One of the papers at the Workshop on the Economics of Information Security (WEIS '09) last month was "Modelling the Security Ecosystem – the Dynamics of (In)Security" by Frei, et.al. The paper does an excellent job of defining the state changes and interval periods throughout the vulnerability and exploit lifecycles. They also create scatterplots for discovery, exploit, and patch intervals relative to disclosure date.
I think it is worth clarifying one aspect of the paper that is (unintentionally) deceptive. In their attempt to compare availability of exploits and patches over time, the authors use different sampling techniques and populations that are not representative of the whole pool of vulnerabilities. This skews the data and ultimately leads to an incorrect conclusion.
On the surface, it makes sense to use vulnerabilities with known exploit dates as the sample population when analyzing exploit timing. And the authors correctly point out that the number of exploits they use is a minimum number. However, when they use the number as a ratio using the smaller "known-exploit" population in the denominator, and not the overall population of vulnerabilities, it is no longer conservative. In fact, because the ratio over time reaches 100% (inherent to the sample technique), it becomes a maximum ratio.
To illustrate: By my estimate, approximately 40% of the vulnerabilities in the time period being analyzed had known exploits. So conservatively, any distribution function should top off at 40% over time. Instead, the authors discuss numbers reaching "94% 30 days after disclosure."
The fatal flaw here is that the authors assume that there is an exploit for every single vulnerability. This is true for the sample they used, but it is unlikely to be true for the total population of vulnerabilities being assessed. More importantly, it is certainly not a minimum number.
The problem is exacerbated when the authors perform a similar analysis on patch data but select a different sample (top ten vendors) in conducting their analysis. I think it is reasonable to assume that these vendors are either more responsive or less responsive than the overall population of vendors, but I have no reason to believe it is representative.

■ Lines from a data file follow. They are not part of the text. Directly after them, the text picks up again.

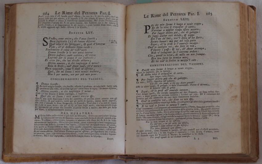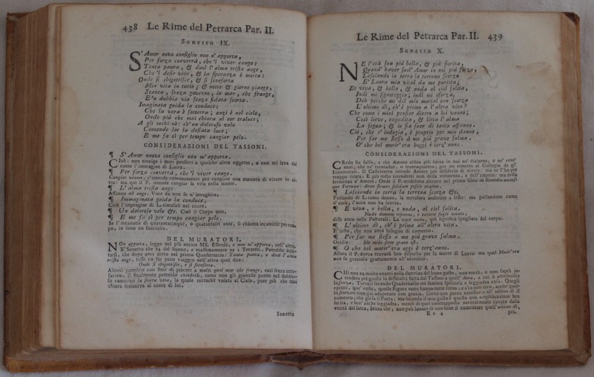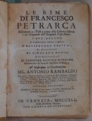 Venetian edition of 1741 of the famous rhymes by Francesco Petrarca (1304-1374). Considerations reviewed by Alessandro Tassoni (1565-1635), notes by Girolamo Muzio and observations by Lodovico Antonio Muratori. Prefationand life of Petrarca by Muratori, then the rhymes. At the end fragments of PetrarcaTrionfo d'amore, Trionfo della castità, Trionfo della morte, Trionfo della fama, Trionfo del tempo, Tionfo della Divinità, alcune composizioni del Petrarca (Sonetti, un capitolo, Stramazzo da Perugia al Petrarca, Geri Gianfigliacci a P. De Dondi, Benucci, Giacomo Colonna, Giacopo de Garatori da ImolaAntonio da Ferrara, Canzone di Guido Cavalcanti, Cino da Pistoia etc...
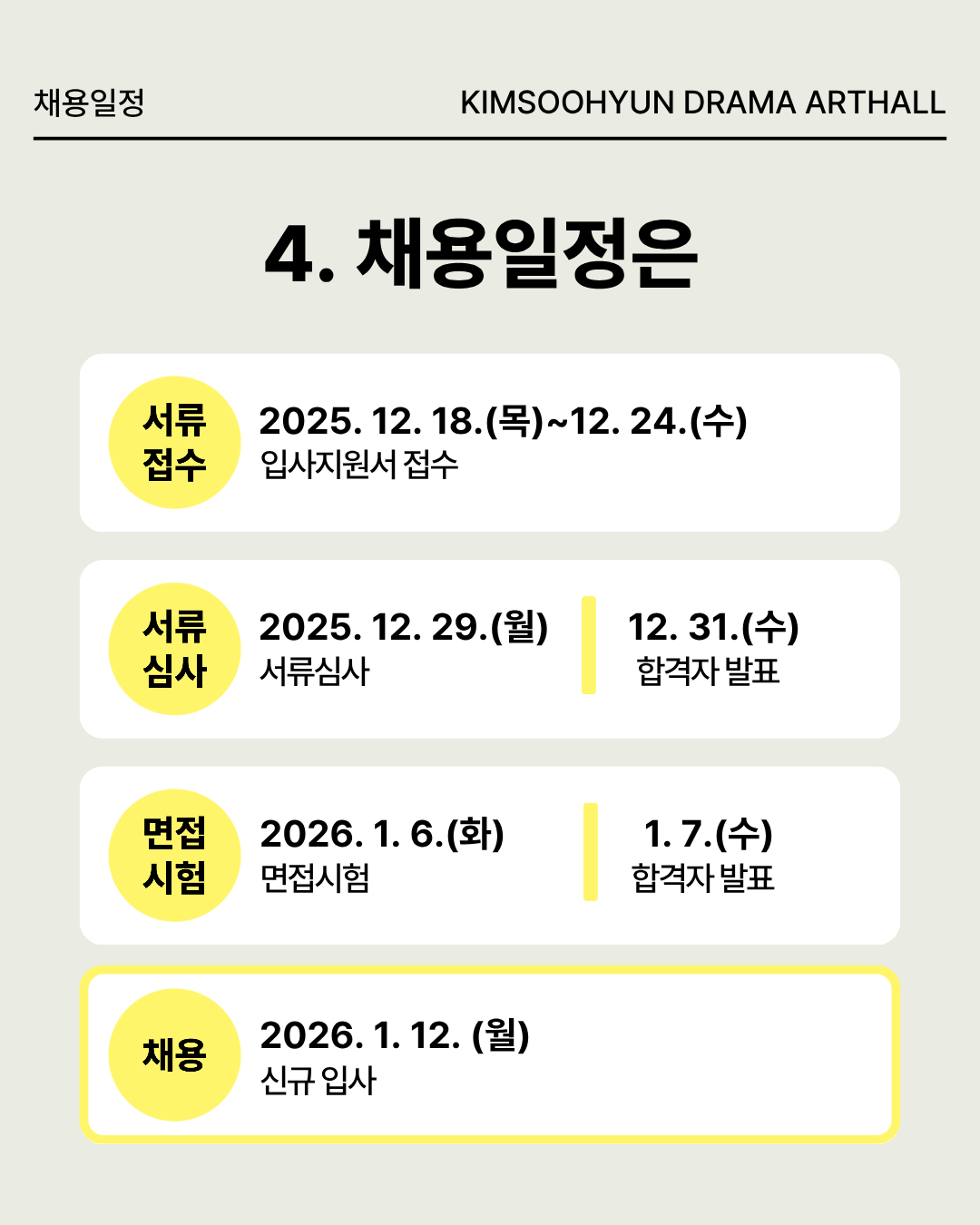[종료] 2026 김수현드라마아트홀 신규직원 채용
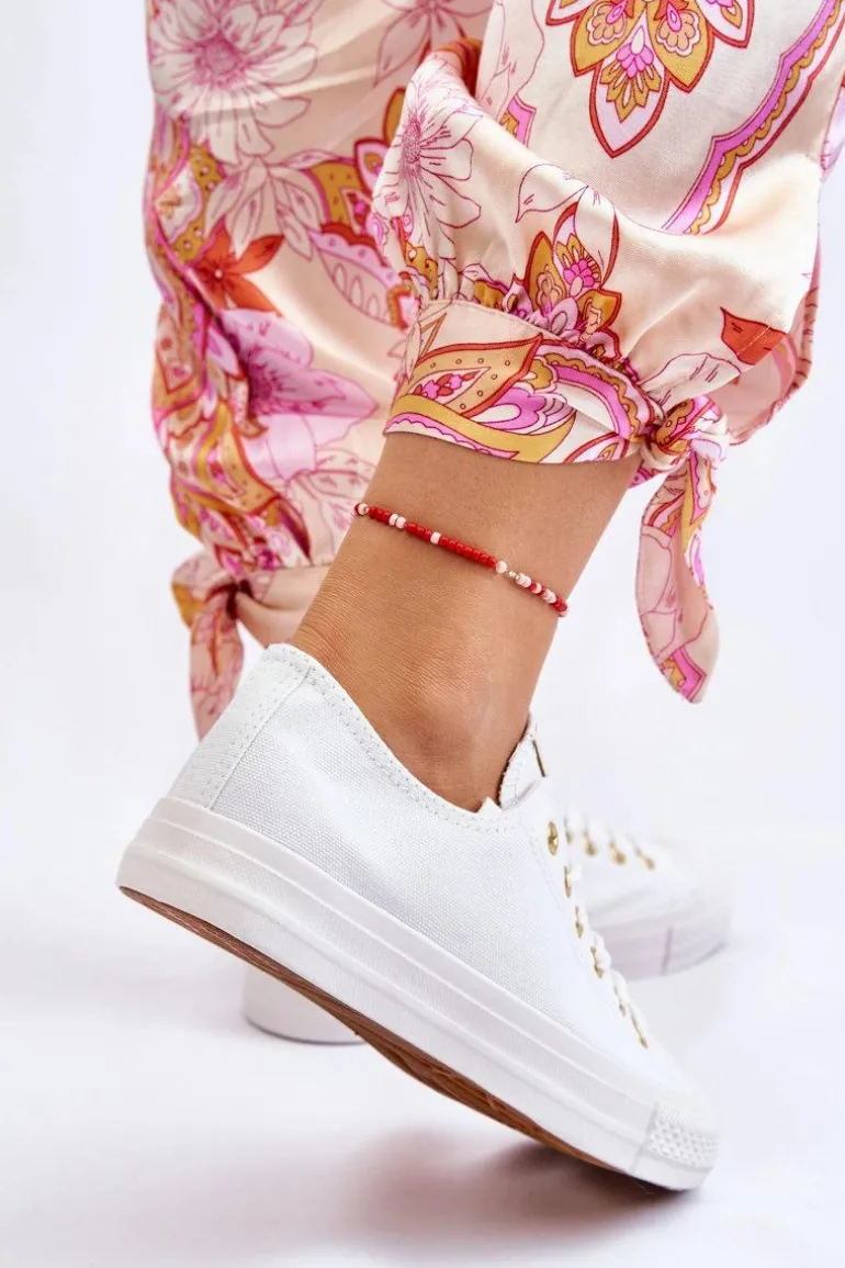 Klasyczne trampki damskie. Buty posiadają gumową, antypoślizgową podeszwę oraz miękką cholewkę. Ponadczasowy model, dostępny w wielu pięknych kolorach! Klasyczny, wiązany model. Buty posiadają wzmocnienie na nosku w postaci gumowego tworzywa. Przy wyborze rozmiaru prosimy sugerować się tabelą rozmiarów.
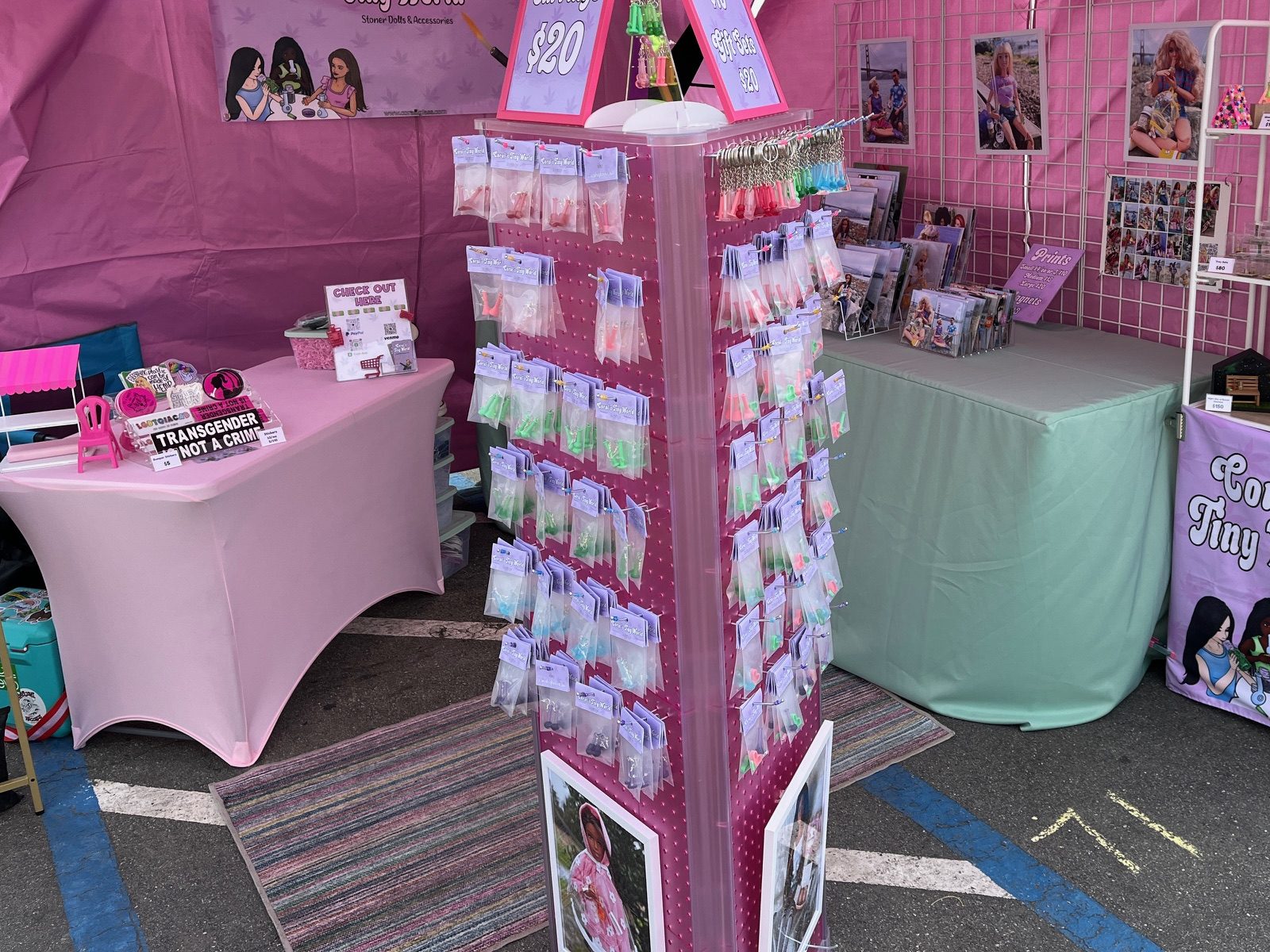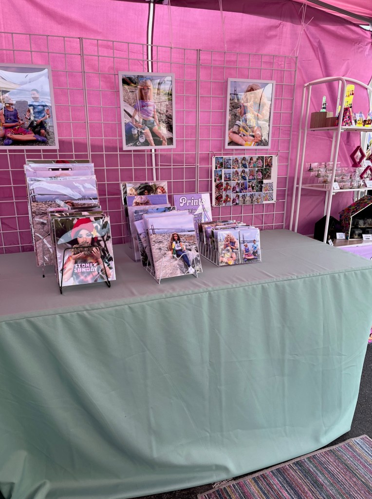 Refillable sandbag tent weights are absolutely a must, and help sturdy up the tent. The light pink elastic footed tablecloths looked absurd with the table risers we use, so I replaced them with long light green ones, and I clip any excess fabric out of the way. I also love how the green compliments the pink but isn’t matching, I was starting to drown in shades of pink and repel some potential customers. Bringing in the greens and lavenders makes my market booth a lot more approachable while still being bright and my own personal style.
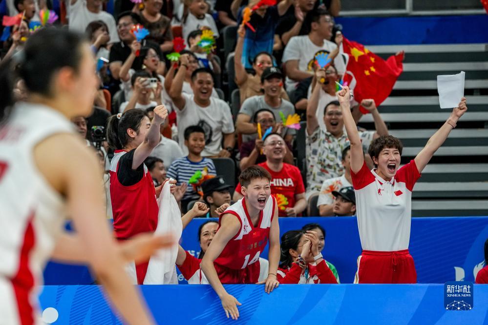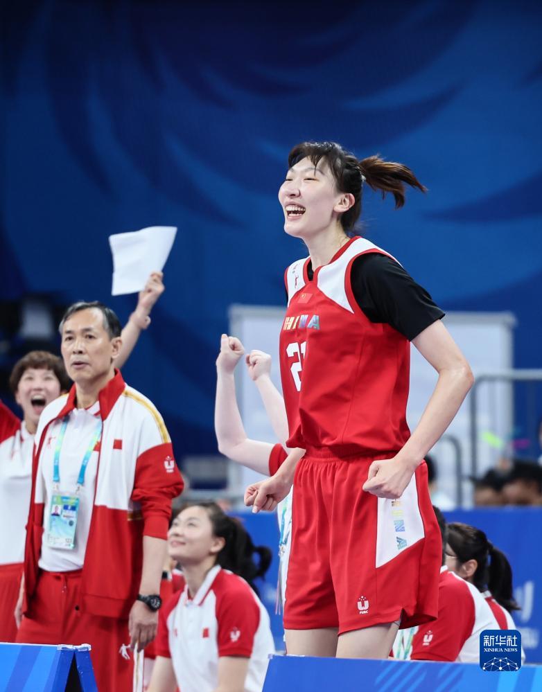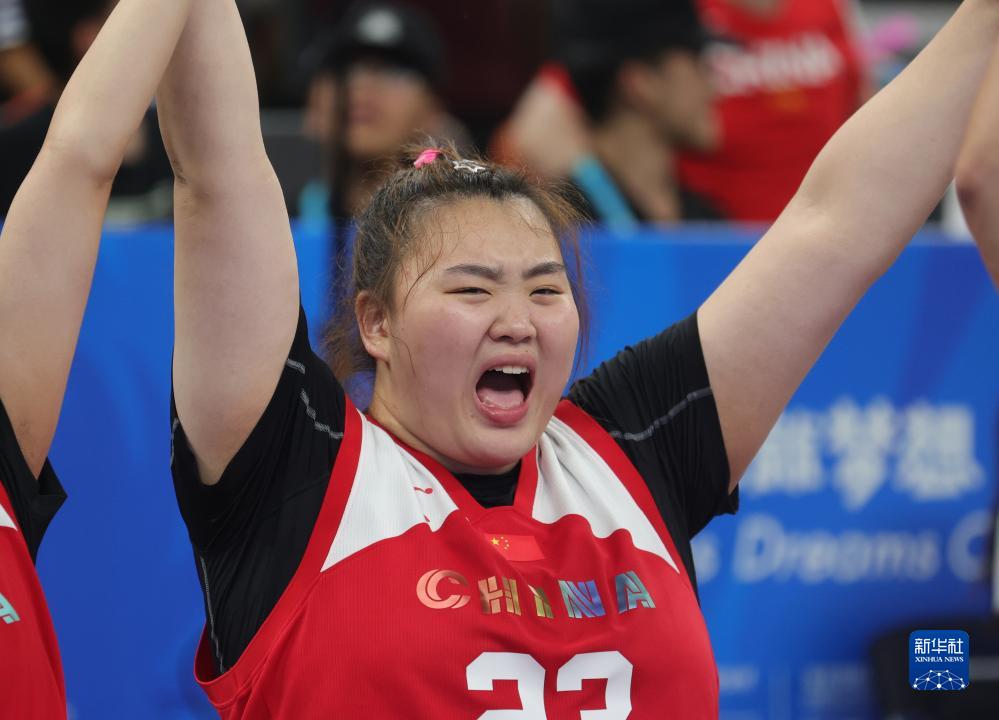 8月5日,中国队球员庆祝得分。新华社记者 杨青 摄
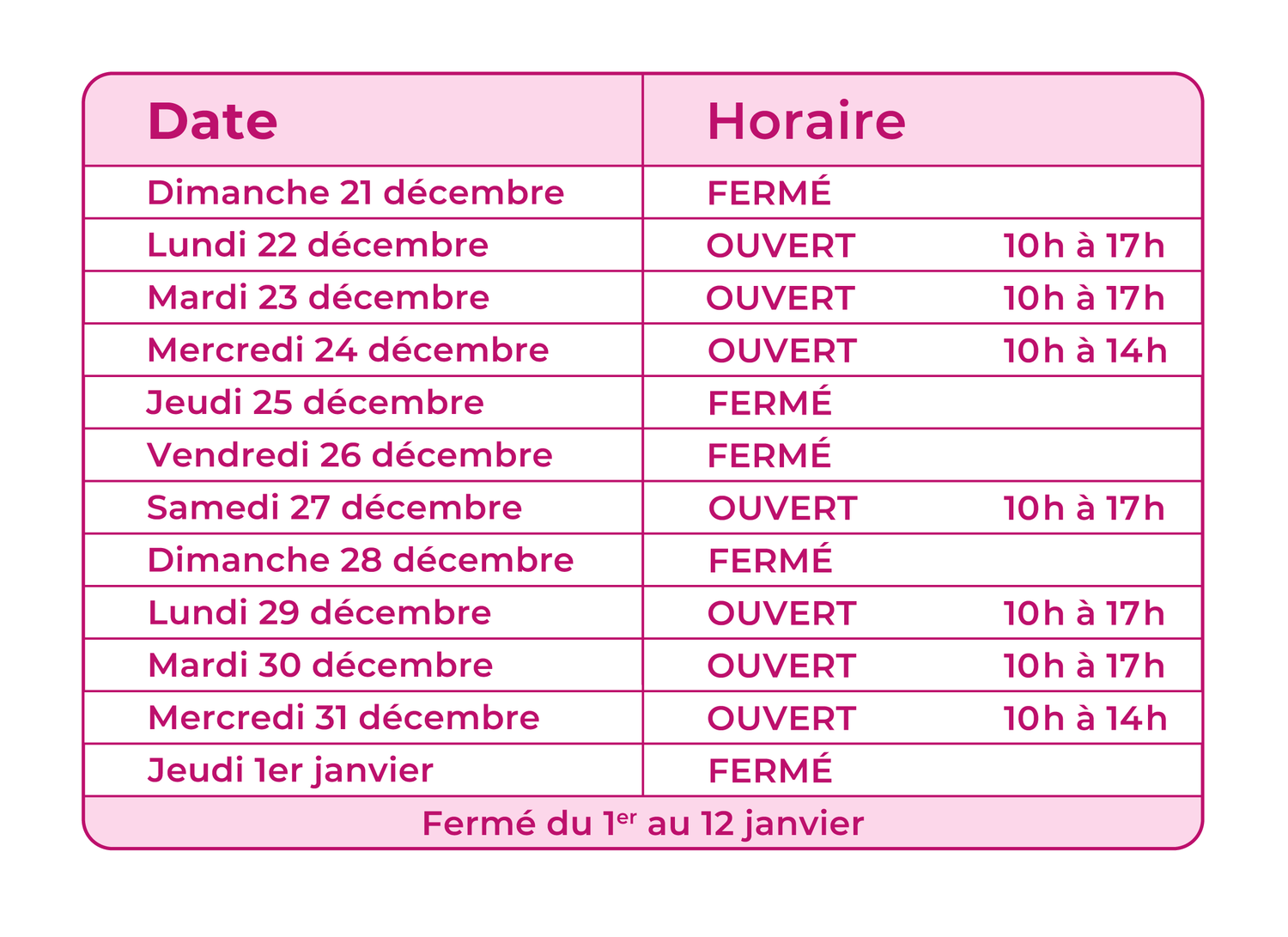 Un doute sur une journée en particulier ? Consultez notre page Google, nos horaires y sont toujours à jour !

The final issue here is that after conducting similar analyses on exploits and patches using different, non-random, sample populations, the authors then compare the two results: "We found that expoit availability has consistently exceeded patch availability since 2000." Given the weaknesses in methodology, this is a faulty conclusion.
The work is important and useful, but it needs to be redone using appropriate populations if it is going to be accurate.
It might be worth defining what you mean by “exploit” in this context. It seems that the definition of a vulnerability is that it is a bug or flaw that can be exploited in a certain manner, but that the ease of exploitation can range from very easy to very hard. If I’m reading correctly, you’re talking more about “easily” or “readily” exploited vulnerabilities, or maybe even that a working exploit is in the wild (as opposed to one being academic). fwiw.
@Ben -
I am using the definitions (explicit or implicit) directly from the paper. Here is what the paper said: “An exploit is a piece of software, a virus, a set of data, or sequence of commands that takes advantage of a vulnerability in order to cause unintended or unanticipated behavior to occur in software or an embedded device. Proof-of-concept code or exploits provided within security research and analysis tools are also deemed exploits.”
The way they chose the population is simply by using all listings from the data sources that had exploit data listed.